(Information)

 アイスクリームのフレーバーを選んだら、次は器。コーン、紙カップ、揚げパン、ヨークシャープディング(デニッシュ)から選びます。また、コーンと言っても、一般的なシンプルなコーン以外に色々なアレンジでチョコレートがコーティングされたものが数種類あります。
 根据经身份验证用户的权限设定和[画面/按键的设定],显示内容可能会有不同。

(End Information)
(Information)

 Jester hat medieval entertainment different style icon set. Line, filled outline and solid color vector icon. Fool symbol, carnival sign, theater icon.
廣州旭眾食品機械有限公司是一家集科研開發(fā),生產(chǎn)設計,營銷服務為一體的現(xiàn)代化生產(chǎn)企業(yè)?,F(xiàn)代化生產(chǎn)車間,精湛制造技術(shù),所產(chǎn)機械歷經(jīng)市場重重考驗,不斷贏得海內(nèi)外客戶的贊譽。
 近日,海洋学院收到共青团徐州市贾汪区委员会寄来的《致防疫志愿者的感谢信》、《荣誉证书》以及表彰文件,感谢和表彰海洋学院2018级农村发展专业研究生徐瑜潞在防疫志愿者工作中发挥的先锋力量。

(End Information)

Reproduce exactly the lines of the records above from the one with "アイスクリームのフレーバーを" to the one with "根据经身份验证用户的权限设定和[画面/按键的设定],显示内容可能会有不同。", both included, and leave out everything else.

* [Finished task]:
 アイスクリームのフレーバーを選んだら、次は器。コーン、紙カップ、揚げパン、ヨークシャープディング(デニッシュ)から選びます。また、コーンと言っても、一般的なシンプルなコーン以外に色々なアレンジでチョコレートがコーティングされたものが数種類あります。
 根据经身份验证用户的权限设定和[画面/按键的设定],显示内容可能会有不同。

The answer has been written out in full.